Long story short it lasted 3 or more years until they finally rebuilt the whole booth. Figure that the heavy window slid back and forth a minimum of 300 times a day and it's amazing that it lasted at all but it did. So how much wear do you figure a boat sliding over it occasionally is going to have, none. So now to find a piece of PVC that I can coax into a more or less flat surface and I can get 8 inches of width out of . Then I can screw it from the sides.


----------



## richg99 (Jul 29, 2016)

Vinyl siding might be your answer. But, fastening it could be the tricky part. 

How about gluing together double overlapped pvc 4*3 gutters? 

richg99


----------



## perchjerker (Jul 29, 2016)

driz said:


> I just noticed this as I am redoing mine. I'll have to see how that works with 2x6 bunks like I have. FYI back when I worked for the government we had this booth that had a booth with a 40lb sliding window. The bottom track was long since gone and the aluminum was eating right down into the frame. This window got opened and closed about once a minute all day 24/7 . Of course being cheap GSA just wouldn't fix it so I ripped a piece of PVC pipe down the middle and slid it down there. The thought was that when it wore out in a month I would put in the other piece then repeat as needed so nobody had to drag that heavy window over that grating cutting mess of ragged aluminum.
> Long story short it lasted 3 or more years until they finally rebuilt the whole booth. Figure that the heavy window slid back and forth a minimum of 300 times a day and it's amazing that it lasted at all but it did. So how much wear do you figure a boat sliding over it occasionally is going to have, none. So now to find a piece of PVC that I can coax into a more or less flat surface and I can get 8 inches of width out of . Then I can screw it from the sides.

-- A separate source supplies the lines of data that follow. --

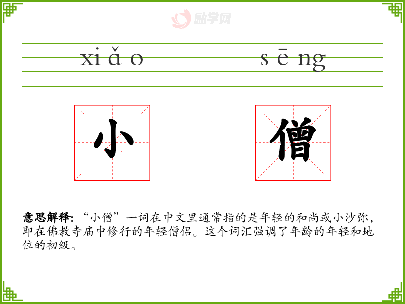 - 同义词:小沙弥、年轻僧侣
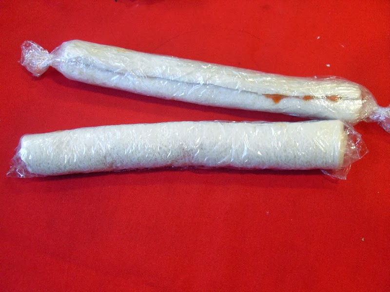 Coger pan de molde en láminas o lamas sin corteza a lo largo, untar una capa de sobresada enrollar y envolver con film. Hacer lo mismo con una capa de foie y enrollar. Refrigerar unas horas y cortar en rodajas de 2 cm. aprox.
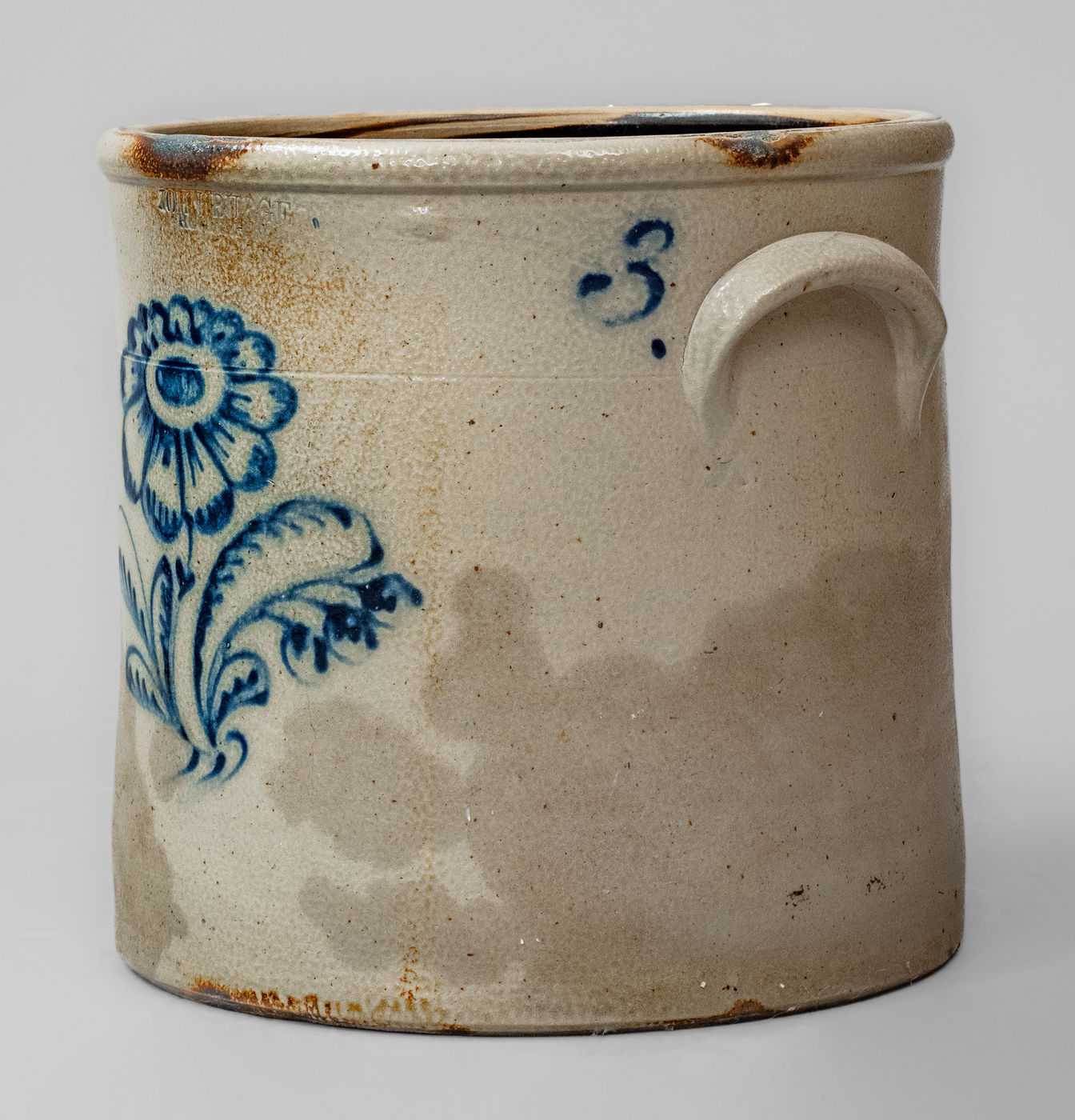 ×JOHN BURGER / ROCHESTER, NY Three-Gallon Stoneware Crock, c1860
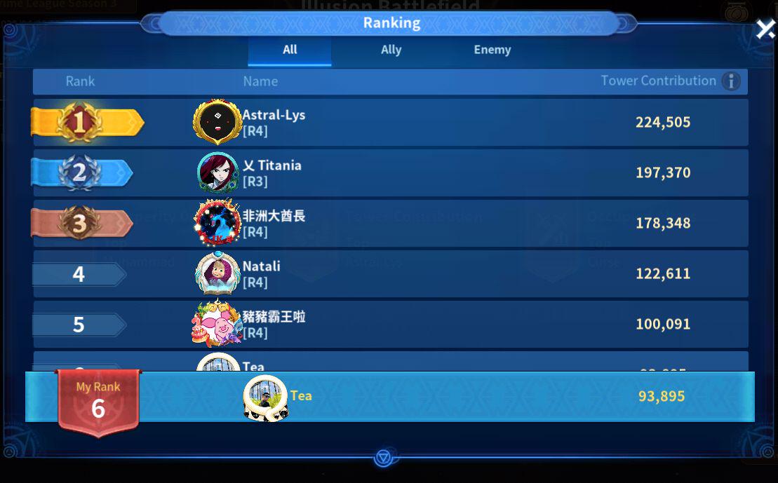 The definition of the Tower Contribution will be discussed in this section. Tower Contribution is the most important component in determining victory in Illusion Battlefield Prime. This is owing to the fact that you must earn as many Violet Points as possible within one hour, with a maximum capacity of 100,000. This should be the highlight for Illusion Battlefield Prime League competitors. The best slayer for this match is [EG] Astral-Lys from the server 121.
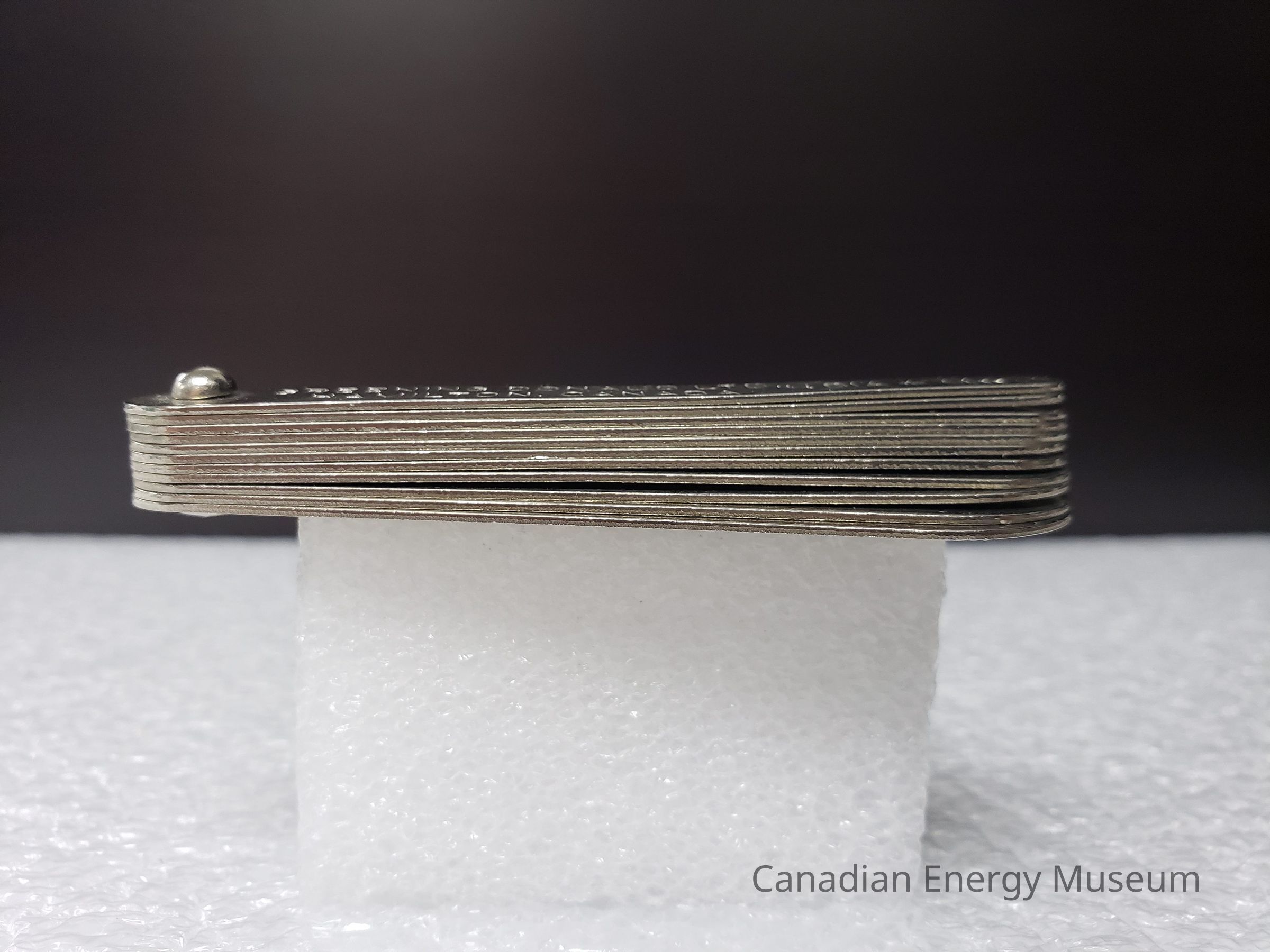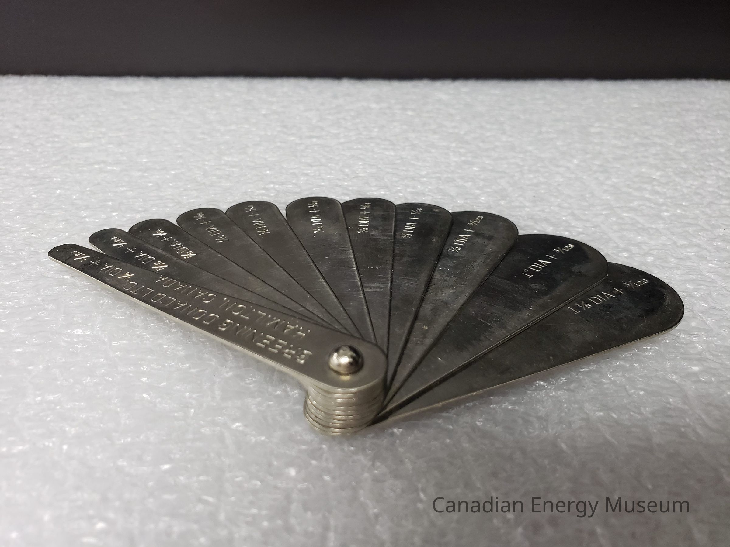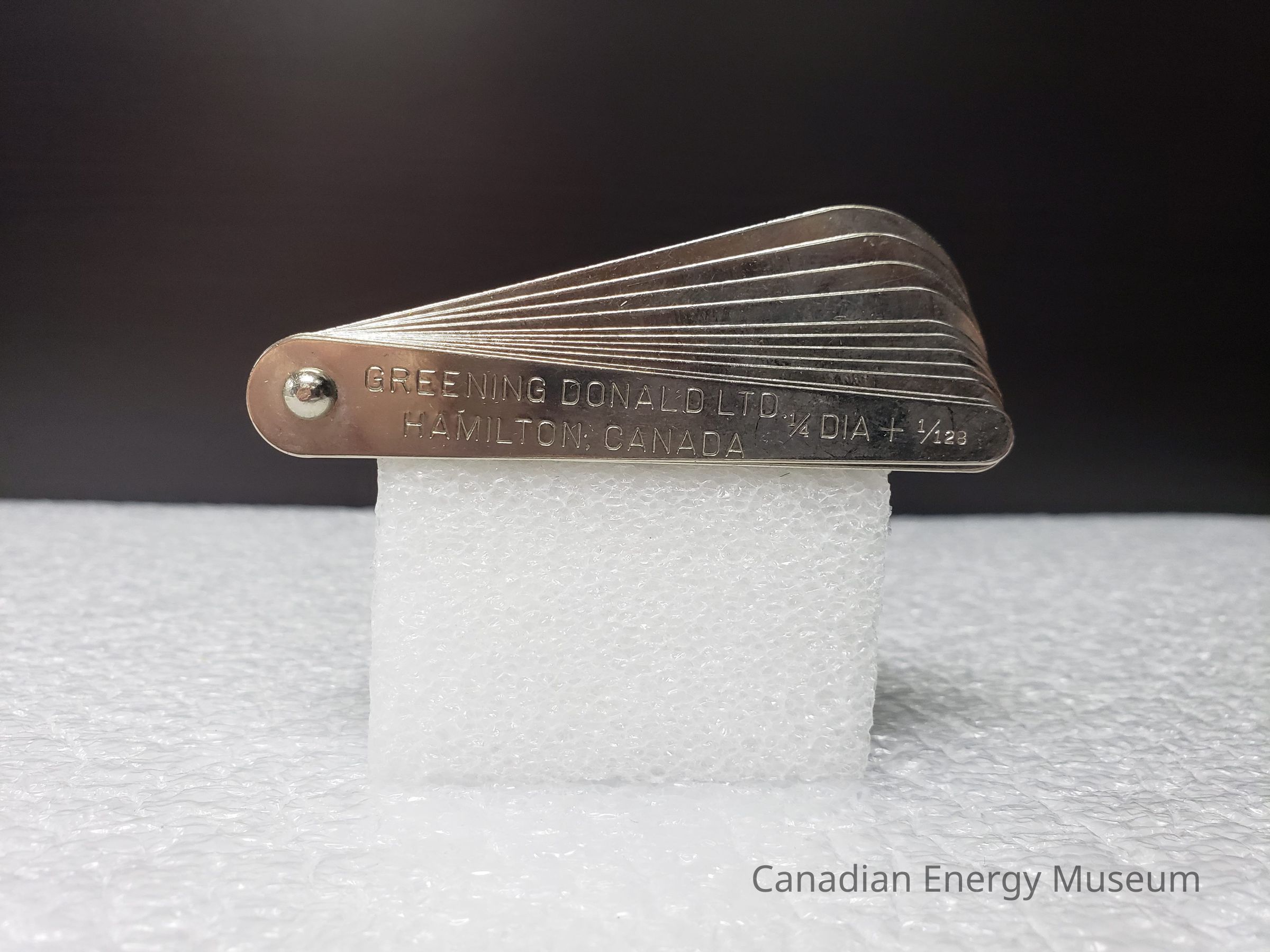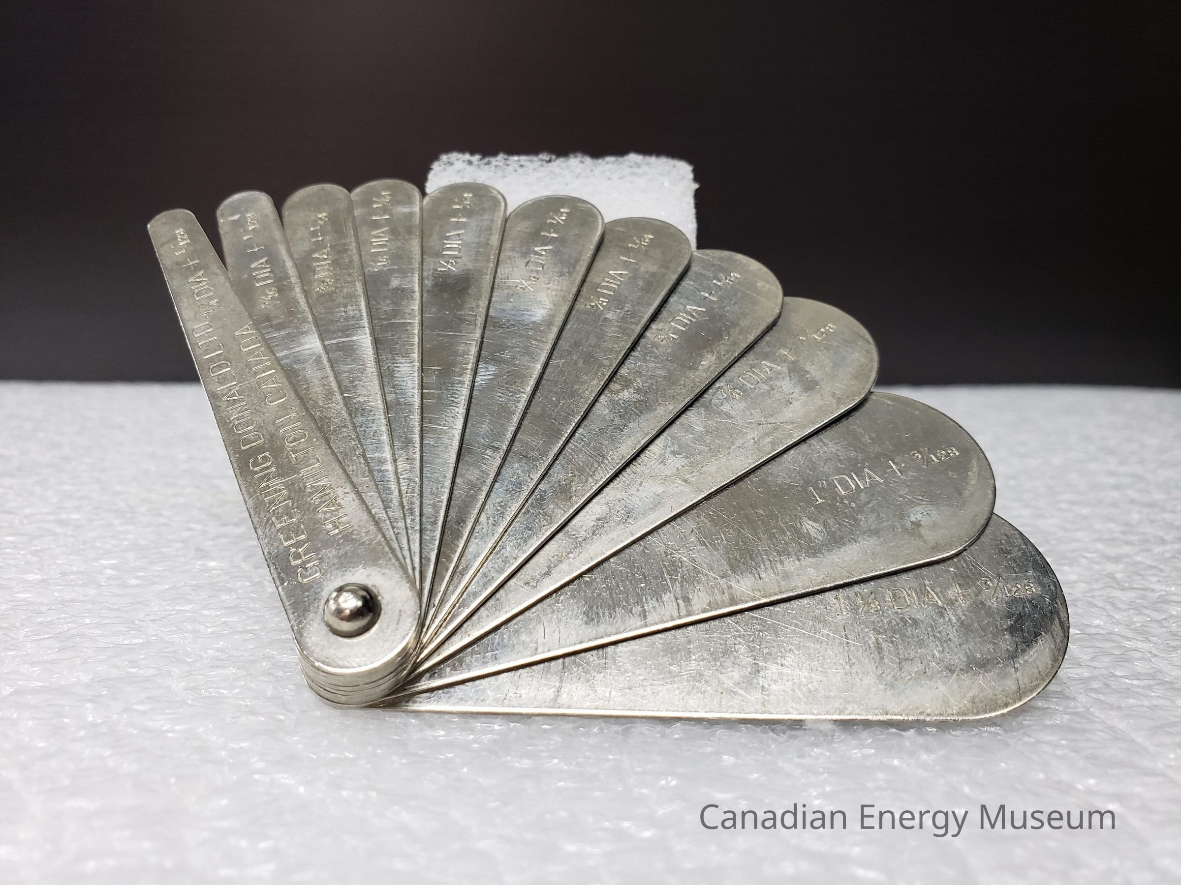 Appearance: A sheave gauge made from metal (likely steel), with 11 tabs connected with a small domed metal bolt. The tabs transition in shape from an irregular stadium-shaped (narrow rounded at the tip and more bulbous at the bolted end) to a narrow drop-shape. On the first tab (narrowest) is engraved the text "GREENING DONALD LTD.; HAMILTON, CANADA". Each of the tabs also bears the corresponding measurements engraved, in inches.

Look at Home Depot for garage door trim. Its about 8" wide and is grooved on the back. The front is textured like siding

We use it for snowmobile trailer glides. The carbide runners of the skis slide right up it in the grooves. I think it would work perfect for your bunks
its thick and real tough. You could just screw it down using the grooves to place the screws in

looks kind of like this but it was cheaper, they must have different varieties

https://www.homedepot.com/p/Royal-Mouldings-10-ft-x-5-51-64-in-x-43-64-in-Vinyl-Jamb-Moulding-0249710015/100005798


----------



## richg99 (Jul 29, 2016)

PerchJ....I like that stuff a lot. Looks to be a heavier gauge than the guttering. If my guttering ever wears out, I may use that stuff to replace it.

Good find! 

richg99


----------



## perchjerker (Jul 29, 2016)

richg99 said:


> PerchJ....I like that stuff a lot. Looks to be a heavier gauge than the guttering. If my guttering ever wears out, I may use that stuff to replace it.
> 
> Good find!
> 
> richg99



yeah its probably 1/2" thick. Real durable.


----------



## firedogjtw (May 9, 2017)

I have my strips all ready cut out on my next trip to the boat ramp. I am going to look at my two rollers on my trailer, I might replace them too. I am going to add a safety chain to the wench in case the boat decides to slide back off the trailer after I pull up off the ramp.


----------



## richg99 (May 9, 2017)

Sounds great.
I always have a safety chain on. 

It gets removed First...and the strap at the last moment. That is because, if your boat slips backwards, you can use the winch to pull back. If it is on the chain...you have no way to pull the boat back up the ramp. Hope this is clear.


----------



## Mark_Fisher (May 9, 2017)

Very happy with my PVC Gutter covers. 
* In salt water use, no carpet holding salt against the hull
* Due to low friction, no need to even immerse axle bearings to launch or recover.


----------